By Richard Braddell
MELBOURNE - The change of name to Axa Australia and the replacement next year of its chief executive by an appointee out of London has been viewed by some Australian media as symbolic of the rout of the old guard by National Mutual's 51 per cent French parent.
But not everyone agrees. Axa's move to exert control over its Australasian offshoot was inevitable and signals that the company is at last getting its ducks in a row after a period of drift, personnel at one of Axa Australia's leading rivals say.
And the rout label is also strongly rejected by Axa Australia's outgoing chief executive, Tony Killen, who says that while it is colourful, it does little to accurately reflect what is happening at the renamed National Mutual.

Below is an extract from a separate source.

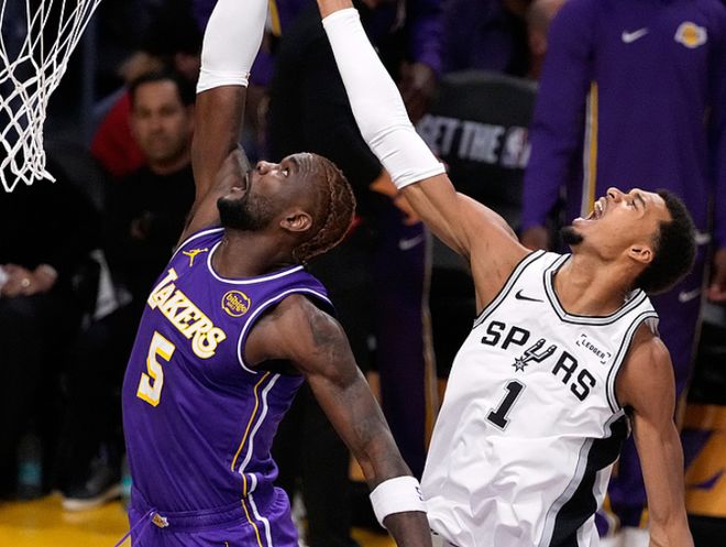 海斯和艾頓輪流上分,打停馬刺。中段索漢轟進(jìn)三分球,東契奇上籃+八村塁三分球追到只差2分。決勝時(shí)刻,東契奇和文班亞馬輪流罰球,東契奇撤步三分球打破平衡,文班亞馬被包夾只能給隊(duì)友傳球,但手感不好。此后文班亞馬進(jìn)攻犯規(guī)6犯離場(chǎng),心態(tài)有些失衡,艾頓繼續(xù)罰球,斯瑪特兩罰全中拉開4分分差后,奧利尼科上籃維持懸念。危急時(shí)刻,斯馬特踩線發(fā)球給馬刺最后一攻機(jī)會(huì),拉拉維亞推人犯規(guī),尚帕尼第一罰打鐵,最終湖人118-116驚險(xiǎn)擊敗馬刺。

While it is undeniable that tensions between the French parent and National Mutual's previous chief, Geoff Tomlinson, led to his departure, Mr Killen, who is in his 36th year with the group, hardly looks under pressure to go.

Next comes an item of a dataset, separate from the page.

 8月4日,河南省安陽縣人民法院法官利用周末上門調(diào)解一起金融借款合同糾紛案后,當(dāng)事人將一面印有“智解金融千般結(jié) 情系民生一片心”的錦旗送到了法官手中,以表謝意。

Indeed, he says his decision to quit is in keeping with his goal to retire by age 55, the age he will reach in May next year.
And while his successor, Les Owen, comes from another part of the Axa empire, Sun Life in London, Mr Killen says Mr Owen's appointment was determined in Australia by Axa Australia's parent company National Mutual Holdings, whose board is dominated by Australian citizens.
Mr Killen views the business he controls as one that is still very much Australian centred, although one which has the support and resources of a global group.
He regards that as important in helping to end a period of drift in which the company has lost market, as evidenced by its eclipse by the aggressively expansionist Colonial.
Mr Killen outlines two grand themes for Axa Australia. The first is cost-cutting, with a $A150 million-a-year reduction well on its way to being achieved over a four-year target with costs down $A43 million in the 1998 year.
But Mr Killen also sees the Axa rebranding as a chance to relaunch and reinvigorate the company.
While staff have rallied to the call, so has the parent Axa, which is chipping in the extra cost of doubling of the sales and marketing budget to $A20 million for the next three years.
The result is that Axa Australia's new image will come at no cost to the minority shareholders, who control 49 per cent of the company.